Photo by Lester Smith

Two big fellar-bunchers grab groups of small trees, saw them off or wrench them out of the ground, then lay them on the pile to be chipped. Larger trees are delimbed and stacked. Preparatory work for installing the new gas transmission line, began in early May. The big timbers are laid where needed to protect wetlands.

The Federal Energy Regulatory Commission gave its approval on April 12 for construction of Kinder Morgan’s Connecticut Expansion Project, and work began in Suffield in early May. The big corporation’s Tennessee Gas Pipeline Company division, which operates transmission pipelines from Texas and Louisiana to New York and New England, includes 6.7 miles in Suffield.

The Connecticut Expansion Project will increase capacity to meet increased demand in the Northeast by adding three short stretches of new lines alongside the existing lines: 1.4 miles in Dutchess County, N. Y., 3.8 miles in Berkshire County, Mass., and 8.1 miles in a branch that runs across Connecticut from Greenwich to Agawam, including 6.7 miles here.
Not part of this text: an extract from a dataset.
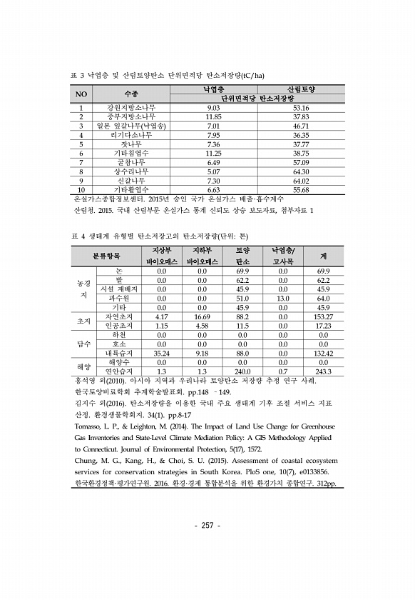 257 NO 수종 낙엽층 산림토양 단위면적당 탄소저장량 1 강원지방소나무 9.03 53.16 2 중부지방소나무 11.85 37.83 3 일본 잎갈나무 낙엽송 7.01 46.71 4 리기다소나무 7.95 36.35 5 잣나무 7.36 37.77 6 기타침엽수 11.25 38.75 7 굴참나무 6.49 57.09 8 상수리나무 5.07 64.30 9 신갈나무 7.30 64.02 10 기타활엽수 6.63 55.68 온실가스종합정보센터. 2015년 승인 국가 온실가스 배출·흡수계수 산림청. 2015. 국내 산림부문 온실가스 통계 신뢰도 상승 보도자료, 첨부자료 1 표 3 낙엽층 및 산림토양탄소 단위면적당 탄소저장량 tC/ha 분류항목 지상부 바이오매스 지하부 바이오매스 토양 탄소 낙엽층/ 고사목 계 농경 지 논 0...

That branch ends at the compressor station on Route 75, just over the state line in Agawam, which is also the connecting point to the line from across upstate New York.

The existing 18-inch line across Suffield was installed in the 1940s. The new parallel line will be 24-inch. A Kinder Morgan communications officer in Texas advises that the Connecticut Expansion Project pipelines are designed to operate at about 800 psi but will normally operate at lower levels. The natural gas in the line, mostly odorless methane, will be odorized. Among other local customers, Yankee Gas, the distributor in Suffield, is supplied by the Tennessee Gas pipeline.
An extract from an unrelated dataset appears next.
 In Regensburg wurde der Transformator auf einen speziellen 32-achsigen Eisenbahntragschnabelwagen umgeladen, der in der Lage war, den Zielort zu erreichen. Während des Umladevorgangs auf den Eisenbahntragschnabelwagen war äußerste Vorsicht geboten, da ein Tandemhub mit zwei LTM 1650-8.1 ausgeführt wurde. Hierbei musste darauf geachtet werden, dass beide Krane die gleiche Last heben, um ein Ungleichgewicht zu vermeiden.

Preparatory effort for construction in Suffield began several years ago when property owners were warned and negotiations for some changes in right-of-way privileges were undertaken. Then in April the route was marked with flags, and in May construction crews began preparing the plank roads necessary to protect wetlands and cleared brush and trees along the right-of-way. Digging and pipe-laying will follow. The Kinder Morgan information source said that the work was scheduled to be complete this November.

Specifications call for the new pipe to be buried at least five feet deep. According to the plans, most of the eight road crossings will be achieved by boring under; only Halladay Avenue West and Hale Street will be crossed with open cuts. Temporary pipeyards are to be located at each end of the Connecticut segment, one just north of Hickory Street, the other at Bradley Airport in East Granby, near the end of Runway 15/33. There will be a new main line valve at about the midpoint of the segment, just south of Mountain Road.

When the new electrical power line was added across West Suffield five years ago, there was considerable public complaint about the line’s effect on landscape views and the increased electro-magnetic radiation. In contrast, the gas pipeline, which will cause some temporary disruption at the road crossings and carries an intrinsic threat of explosion, has evoked essentially no clamor except for the Sierra Club’s protest march in Suffield last September. We trust the new pipeline will remain peacefully out of sight and out of mind, like the one it will join.